En octobre 2015, Foodwatch avait testé une centaine d'aliments de grande consommation en France, en Allemagne et aux Pays-Bas. Les analyses ont montré que 60 % de ces produits contenaient des MOAH. Forte de ces résultats, l'ONG a lancé une pétition en ligne demandant à la Commission européenne la mise en place de normes pour " fixer des limites strictes à la quantité d'huiles minérales présentes dans les aliments et imposer l'utilisation de barrières adéquates pour tous les emballages en papier et carton. "

" Encres végétales "

En 2012, l'Autorité européenne de sécurité des aliments avait de son côté jugé l'exposition aux MOAH " particulièrement préoccupante ". " Notre objectif est clair : nous voulons obtenir une décision au niveau européen. Nous pensons que cela peut bouger très vite, car les choses sont en train d'évoluer ", résume Mme Jacquemart.

En novembre 2016, six enseignes de la grande distribution (E. Leclerc, Carrefour, Lidl, Intermarché, Casino et Système U) se sont engagées à réduire les niveaux de MOAH et de MOSH dans les produits de leurs marques respectives. " Nous avons décidé d'utiliser des encres végétales sur nos 1800 produits emballés dans du carton, annonce Hervé Gomichon, directeur qualité du groupe Carrefour.

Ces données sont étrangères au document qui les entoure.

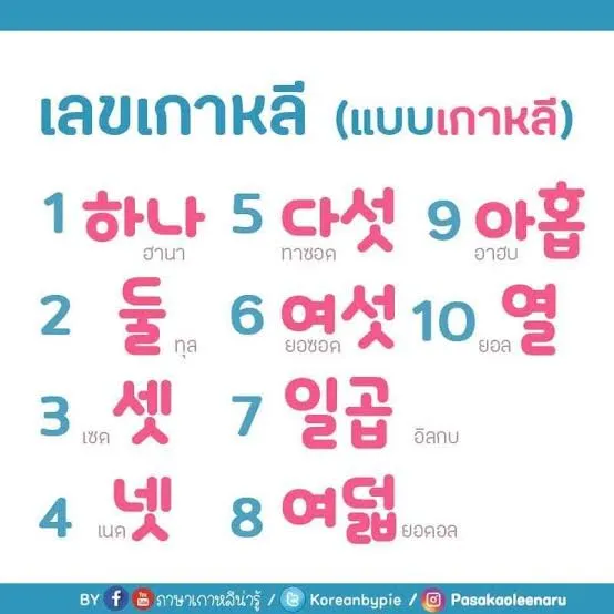 6. คำศัพท์เกาหลี สำหรับตัวเลข (ใช้กับจำนวนนับ)
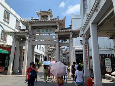 早上从企业发车,经过二十多分钟的车程来到了牌坊街。刚下车所有人目光都被一块刻有“金榜联芳”的石牌坊所吸引。接下来便是街道两侧具有南洋特色的骑楼式建筑风格。浓郁南洋风建筑和厚重牌坊之间的巧妙搭配与碰撞,让成员们立刻感受到了浓厚的潮州当地文化气息。后经HR介绍,我们得知,历史上潮州城是粤东的政治中心,在宋代之后人才辈出。而牌坊多用于对节义、科第、功德的表彰与记录。因此明清二代,在这里建立了众多牌坊,其中不乏状元榜眼牌,尚书牌等,而这也是所谓“牌坊街”名字的由来。这些牌坊经历了长期的自然风化侵蚀与人文破坏,并于90年代开始出现坍塌,但所幸的是在当地政府的重视下,部分牌坊在2004年得以被修复,目前成为潮州城一个远近闻名的景点,向外来参观者诉说着潮州历代英杰的丰功伟绩。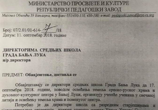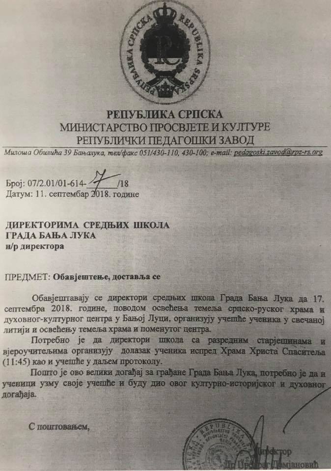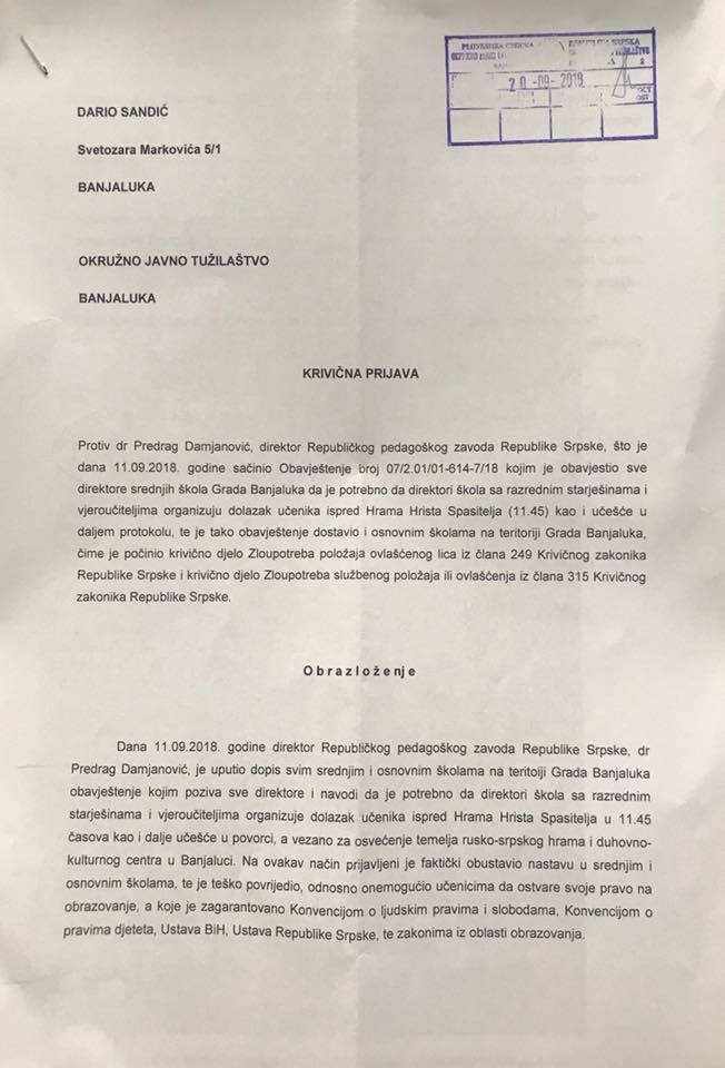 Banjalučki advokat Dario Sandić podnio je krivičnu prijavu Okružnom javnom tužilaštvu protiv Predraga Damjanovića direktora Republičkog pedagoškog zavoda RS. Razlog za podnošenje prijave je dopis koji je Damjanović uputio školama u Banjaluci u kojem je pozvao direktore da obustave nastavu i djecu dovedu na osveštenje temelja rusko-srpskog hrama, piše blmojgrad.com.

Le but est de ne pas contaminer nos produits mais également de ne pas envoyer d'emballages contaminés dans les circuits de recyclage. " Les 43 produits qui ne contiennent aucune barrière entre le paquet et les aliments, comme c'est le cas pour les pâtes, sont désormais constitués de fibres vierges.

Une norme allemande fait pour l'instant office de référence – les produits finis ne doivent pas -contenir plus de 2 milligrammes de MOSH par kilogramme, et aucun taux de MOAH ne doit être détecté. Un premier pas avant que la France légifère. " Il est urgent que les autorités publiques prennent des mesures, sinon nous sommes à la merci des engagements volontaires des uns et des autres ", conclut la directrice de Foodwatch.